Nice specs for the 6DII. Will be a success, IMO.



Canon Rumors said:


> ...
> The EOS Rebel SL2 DSLR camera features...
> 
> Optical Viewfinder with a 9-point AF System


If this was really necessary to make the price I'd say "so be it!".
If Canon could have made it a little bit better (19 pt AF or at least 9 all cross type) for <50$ more I'd say "Fail!".
Will be interesting how successful this one will be or if we'll see some big discounts like we did with the 100D/SL1.
With these specs I'm not interested and will stay happy (except for the AF) with my 100D.


----------



## LDS (Jun 29, 2017)

Hopefully, the "new user interface called Feature Assistant" will be optional....

From some marketing material it looks Canon is aiming this camera also to smartphone photographers wanting to enter the DSLR world.


----------



## Sharlin (Jun 29, 2017)

LDS said:


> Hopefully, the "new user interface called Feature Assistant" will be optional....
> 
> From some marketing material it looks Canon is aiming this camera also to smartphone photographers wanting to enter the DSLR world.



It's the same feature as in the 800D and 77D. It's toggleable, by default enabled in the 800D and disabled in the 77D.


----------



## Poz (Jun 29, 2017)

Maximilian said:


> Nice specs for the 6DII. Will be a success, IMO.
> 
> 
> 
> ...



As I'm upgrading from the 550D with it's 18mp sensor and non-tilt screen, I'm perfectly happy with an AF system that is only a little bit improved, mostly for video.
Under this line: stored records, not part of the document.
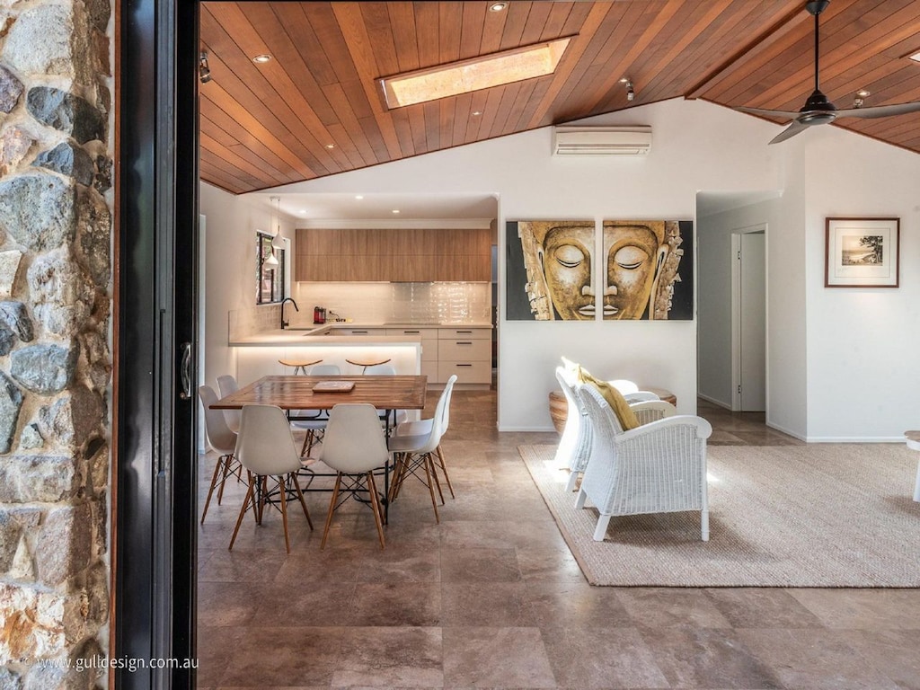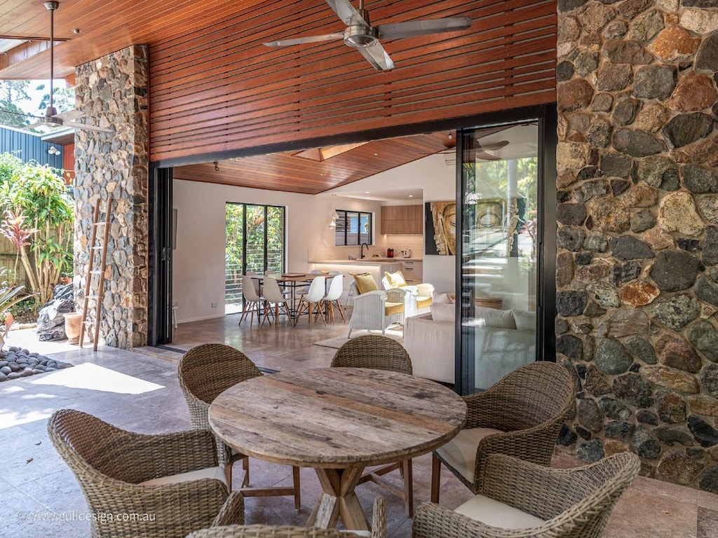 A modern multi-level Little Cove Noosa home with all you could need for a great holiday! Furbished house with beautiful timber ceiling feature with skylights and glass louvres throughout for maximum ventilation has 4 large bedrooms (1 King, 2 Queen, 2 Singles) with built in robes and 3 bathrooms including an indulgent master ensuite . Recycled spotted gum and earthy travertine tiles throughout.
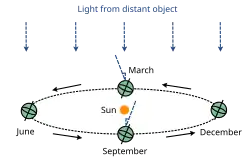 Consider the case where a distant star is motionless relative to the Sun, and the star is extremely far away, so that parallax may be ignored. In the rest frame of the Sun, this means light from the star travels in parallel paths to the Earth observer, and arrives at the same angle regardless of where the Earth is in its orbit. Suppose the star is observed on Earth with a telescope, idealized as a narrow tube. The light enters the tube from the star at angle and travels at speed taking a time to reach the bottom of the tube, where it is detected. Suppose observations are made from Earth, which is moving with a speed . During the transit of the light, the tube moves a distance . Consequently, for the particles of light to reach the bottom of the tube, the tube must be inclined at an angle different from , resulting in an apparent position of the star at angle . As the Earth proceeds in its orbit it changes direction, so changes with the time of year the observation is made. The apparent angle and true angle are related using trigonometry as:
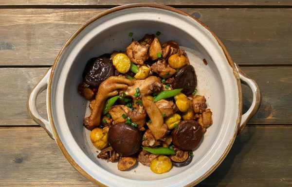 3、倒入適量生抽、老抽、料酒,翻炒上色後倒入板栗仁、香菇,大火翻炒均勻,加入適量食鹽、白糖、雞精,加適量清水煮開,中小火燜熟10分鐘,放入青椒大火收汁,撒上蔥花即可出鍋。

I am very keen on the reduction in size and weight - the AF is way less important to me, as I'm mostly using my DSLR for astrophotography. Let me tell you - no amount of AF points, cross or otherwise, will help you focus on stars: manual at x10 zoom for the win! 8)


----------



## Maximilian (Jun 29, 2017)

Poz said:


> ...
> Let me tell you - no amount of AF points, cross or otherwise, will help you focus on stars: manual at x10 zoom for the win! 8)


Sure!
But I'm sure that this isn't a dedicated astro DSLR, is it?


----------



## NorbR (Jun 29, 2017)

Maximilian said:


> If this was really necessary to make the price I'd say "so be it!".



Yep, I guess that's my thought too.
I was quite disappointed to hear that they would recycle this old 9-pt system, but on the other hand I didn't expect this camera to come at this price point. I expected something higher, closer to the recent Rebel prices. So I suppose this balances things out ... Not interested myself, but there is no doubt that this will sell by the truckload.


----------



## weixing (Jun 29, 2017)

Hi,


Maximilian said:


> Poz said:
> 
> 
> > ...
> ...


 You might also need a bahtinov mask if you want accurate focus on stars.

Have a nice day.


----------



## peterthepooh (Jun 29, 2017)

Any word on when the other colors (silver and White) will be available and in which markets?

Thanks

Peter


----------



## Poz (Jun 29, 2017)

weixing said:


> Hi,
> 
> 
> Maximilian said:
> ...



The new baby EOS certainly is not designed to be a dedicated astro camera, but then again - neither is my 550D!

As for the focus assisting mask, that looks interesting - I may well give that a try; thanks...


----------



## applecider (Jun 29, 2017)

From the spec page canon USA...

Autofocus is:

"9 points
Center AF point is AF cross-type supporting f/5.6.
Center AF point is vertical line-sensitive supporting f/2.8.
Other AF points is vertical line-sensitive or horizontal line-sensitive AF supporting f/5.6."

Not looking good for any f8 autofocus through viewfinder at least.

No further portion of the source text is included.